Hanke's article "The Disregard for Currency Board Realities" collects key statistics of the performance of
the currency board-like systems established in the 1990s.

Brunei has an older currency board-like system that uses the Singapore dollar as the anchor currency. The
monetary authority is required to hold foreign reserves of at least 70 percent. Djibouti also has a currency
board-like system in which notes and coins have 100 percent backing in foreign reserves, but deposits that
are part of the monetary base may not have the same requirement. Details about Djibouti's system are hard to
find.
Monetary systems sometimes mistaken for currency boards
The currency board and currency board-like systems listed here are the only ones that currently exist. Some
economists have mistakenly characterized the monetary systems of other countries, including Singapore,
Latvia, and the CFA franc zone (in Africa), as currency boards. A central bank can try to act like a currency
board, but experience indicates that without a formal commitment embodied in law, the central bank will
quickly revert to an active, managed monetary policy that is the opposite of a currency board.
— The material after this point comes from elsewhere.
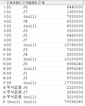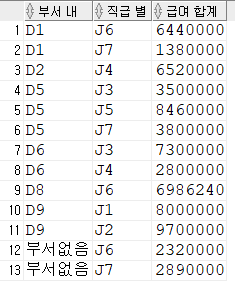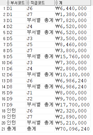 그룹별 합계는 출력 가능 (그룹화된컬럼, 그룹함수)

Singapore had a currency board until 1973, but since then the Monetary Authority of Singapore has
maintained a floating exchange rate. Though the Monetary Authority of Singapore holds net foreign reserves
equal to about 100 percent of the monetary base, it is an unusual central bank rather than a currency board.
Latvia and the CFA franc zone have never had currency boards. The Bank of Latvia currently holds net
foreign reserves close to 100 percent and pegs its currency to the Special Drawing Right (SDR, a basket of
major international currencies), but it has made no formal commitment to those policies, and could
discontinue them without changing the essence of its central banking system. The CFA franc has a pegged
exchange rate with the French franc, last devalued in 1993. The central banks that issue the CFA franc are
required to hold French franc reserves equal to at least 20 percent of their liabilities payable on demand
(more or less the monetary base), not 100 percent like currency boards; in practice their reserves have often
been close to 20 percent.
In a 1998 paper on currency boards, the International Monetary Fund (IMF) classified the Eastern
Caribbean Central Bank as a currency board arrangement. Other material from the IMF has not made the
same classification, however. The Eastern Caribbean Central Bank is required to hold foreign reserves equal
to at least 60 percent of the monetary base, and in practice it holds reserves exceeding 90 percent. In my
opinion, though, it is just over the line qualifying it as not being a currency board-like system because in
principle it has considerable discretion to lend to commercial banks and member governments.